Joy Bebbington, Claire Ardern, Roma Hancock and Sue Norwood were co-opted on to the council last month and have filled four of five seats that have been empty since the last election in May.
The new councillors, who all live in Malpas, come from a variety of backgrounds and each say they are looking forward to taking up the new challenge.
Cllr Bebbington, an IT manager for Cheshire Police, said she wants to ‘make a difference’ to the community while ‘ensuring Malpas retains its charm’.
“I love living in Malpas, there is such a sense of tradition and I love being part of a community where everyone gets involved,” she added.
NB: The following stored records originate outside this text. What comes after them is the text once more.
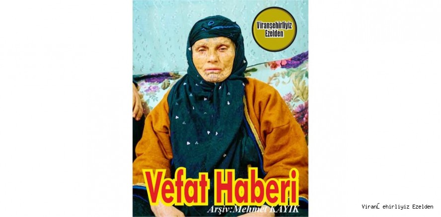 Viranşehir'li Hemşehrimiz GÜNEŞ(KANAR) Ailesinden; Hacı Seydo Güneş’in Eşi, Hacı Mehmet Nur Güneş(Hemenur) ve Şeyhali Güneş’in Anneleri, Mehmet Kanar, Mahmut Kanar ve Hacı Ahmet Kanar’ın Kız Kardeşleri, Hacı Zeyno Güneş Viranşehir’de Vefat etmiştir. Taziyesi Viranşehir Yenişehir Mahallesi Hacı Zahra Zencirci ve Hacı Mahmut Zencirci Taziye Evinde Yapılmaktadır. İrtibat: 05…
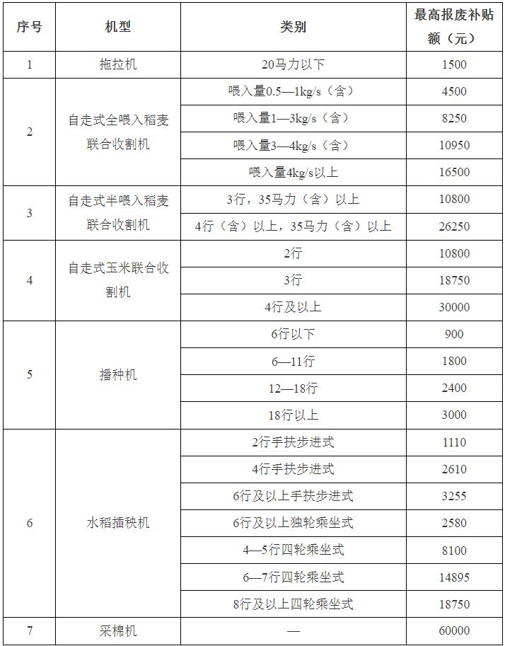 報(bào)廢20馬力以下拖拉機(jī),單臺(tái)最高報(bào)廢補(bǔ)貼額由1000元提高到1500元;報(bào)廢聯(lián)合收割機(jī)、水稻插秧機(jī)、播種機(jī)并新購(gòu)置同種類機(jī)具,按不超過(guò)50%提高報(bào)廢補(bǔ)貼標(biāo)準(zhǔn),單臺(tái)最高報(bào)廢補(bǔ)貼額不超過(guò)3萬(wàn)元;報(bào)廢并更新購(gòu)置采棉機(jī),單臺(tái)最高報(bào)廢補(bǔ)貼額由3萬(wàn)元提高到6萬(wàn)元(詳見(jiàn)附件)。除20馬力以下拖拉機(jī)外,對(duì)只申請(qǐng)報(bào)廢不新購(gòu)置的,繼續(xù)執(zhí)行《通知》規(guī)定的報(bào)廢補(bǔ)貼標(biāo)準(zhǔn)。對(duì)自《通知》印發(fā)之日起提交報(bào)廢補(bǔ)貼申請(qǐng)的,按調(diào)整后的報(bào)廢補(bǔ)貼標(biāo)準(zhǔn)執(zhí)行,對(duì)已領(lǐng)取報(bào)廢補(bǔ)貼的,補(bǔ)齊差額部分補(bǔ)貼。
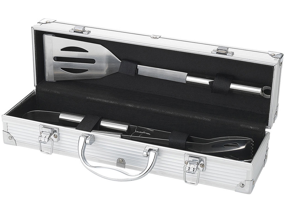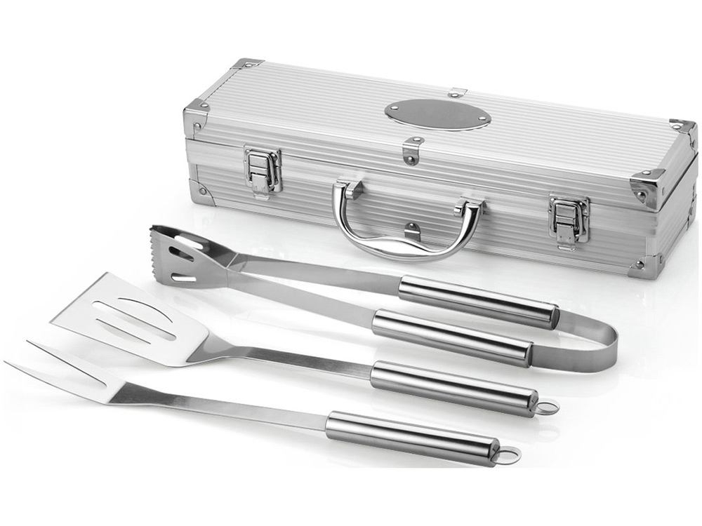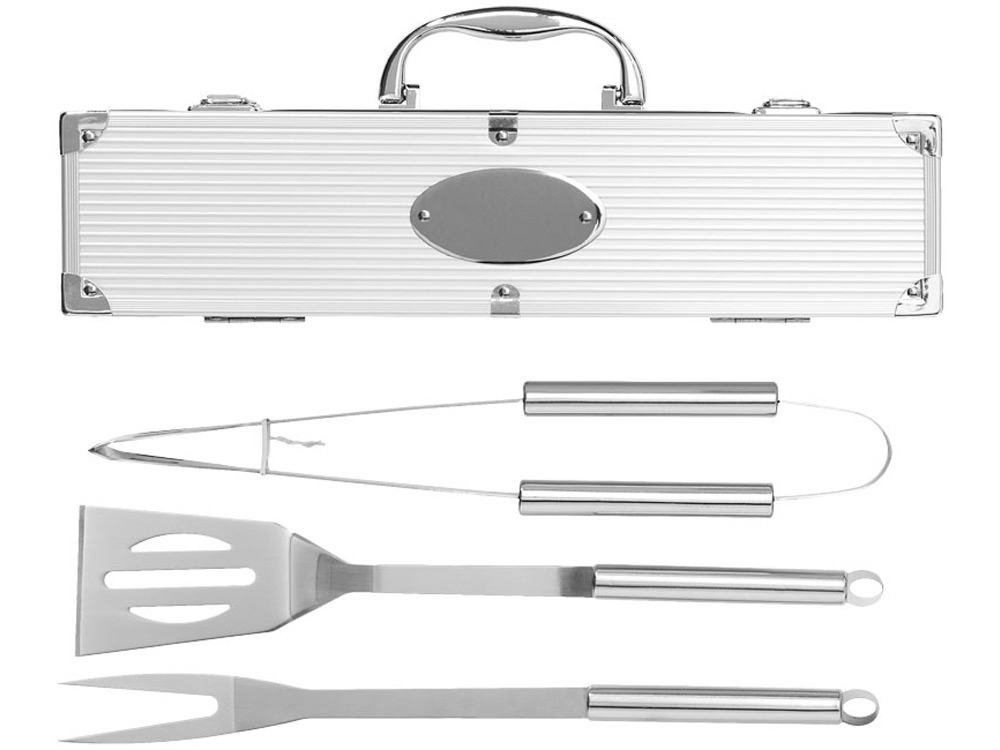 Набор для барбекю 3 предмета. Лопатка, щипцы и вилка в кейсе. На алюминиевом кейсе имеется шильд для персонализации. Гравировка (оптоволоконный лазер) (Без чернения) на данный товар осуществляется бесплатно. Оплачивается только настройка оборудования в размере 1100 рублей на весь тираж.

“I believe everyone has something to offer and I’d like to see people in rural areas get the same opportunities people living in cities get. It will be a challenge but I hope we can address these issues, come up with innovative solutions and understand other people.”
Village issues including parking and speeding are some of the topics accounts manager Cllr Hancock wants to tackle in her new role.
She said: “It won’t be easy as there’s a lot of work to do but I think it will really open my eyes and make me more aware.
“I grew up in Malpas and used to know everyone but there are lots of people I don’t know now and I’m looking forward to meeting them.”
Cllr Ardern, a young mother of two who joins her mother Gill on the council, would like to see new services for children and young people in the village.
“I first moved to Malpas as a teenager and it’s one of those places you want to keep coming back to. It’s a lovely environment for kids and the place I want to bring mine up,” she added.
“I want to see Malpas maintain the rural aspect and hear everyone’s ideas.”
Cllr Norwood, now retired after working in the NHS for 40 years, hopes to be a ‘voice’ for the community.
“I’d like to help maintain the community spirit we have in Malpas. The village has a heart and I want it to keep on beating.
“It’s being that voice for everyone who doesn’t always get that opportunity to have their say.”